The diagnostic criteria for PTSD established in the DSM-IV provides a standardized means of assessing the effects of trauma. Concentration Camp Syndrome, Survivor Syndrome, Postincarceration Late Injury and Concentration Camp Neurosis among other terms were precursors to what is currently known as Posttraumatic Stress Disorder. In this article, PTSD will be used as an umbrella term encompassing earlier terms such as Survivor Syndrome. Regardless of the term used, extensive evidence exists suggesting that large numbers of Holocaust survivors suffered and continue to suffer from their traumatic experiences. Theories of trauma transmission from survivor to offspring have been proposed in psychological literature, but the exact nature of what is transmitted has gained little attention. Various researchers have suggested that since many Holocaust survivors suffer from PTSD, their offspring will also suffer from a syndrome of similar dimensions with diminished proportions (Barocas & Barocas, 1973, 1979; Solomon, 1990). In the following article, trauma will be described in terms of the PTSD diagnostic criteria from the DSM-IV (APA, 1994). The primary focus of this article is to report upon literature-based evidence of PTSD symptom transmission in the second generation. Secondarily, a case for empirically based research further exploring this topic will be advanced.
PTSD in Holocaust Survivors
Much definitive evidence has become available acknowledging the occurrence of PTSD in large numbers of Holocaust survivors (Berger, 1975; Chodoff, 1970; Eaton, Sigal, & Weinfeld, 1982; Eissler, 1967; Hunter, 1988; Krystal, 1968; Rosenbloom, 1988; Rubenstein, Cutter, & Templer, 1989). In 1962, Eitinger described common effects of concentration camps on 100 prisoners 15 years after liberation. Some survivors were simply unable to feel, while others had the paradoxical response of euphoria mixed with emotional numbness. Remarkably, most survivors resumed work almost immediately after repatriation despite severe physical and emotional impairment. Eitinger used the term "concentration camp syndrome" to describe a series of symptoms notably similar to those currently known as PTSD that he found to be present in approximately 85% of his sample group.
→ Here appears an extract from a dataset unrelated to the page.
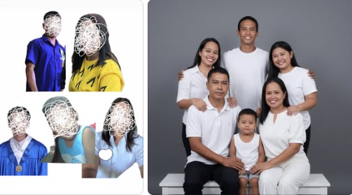 “Make a family picture put them in a pictorial studio with grey background and make them wear white. The 3 on the upper of the picture hug the 3 pictures at the lower side and they are seated in front. Make it realistic don’t change faces look more original.“

In 1975, Matussek used physical exams and psychiatric interviews to determine the effects of traumatic experiences on Jewish concentration camp survivors. Again, survivors reported a series of symptoms that were akin to the current PTSD constellation. It is likely that up to 52.5% of this sample would have met current PTSD criteria. Kuch and Cox (1992) re-examined 124 German files of Jewish Holocaust survivors. They concluded that 46% would have met the PTSD indicators based on the DSM-III-R criteria. The tattooed survivors of Auschwitz were three times as likely to meet the PTSD diagnostic criteria and had a greater number of symptoms than those surviving the Holocaust as a Jew in Europe suffering Nazi pursuit, but not in a concentration camp.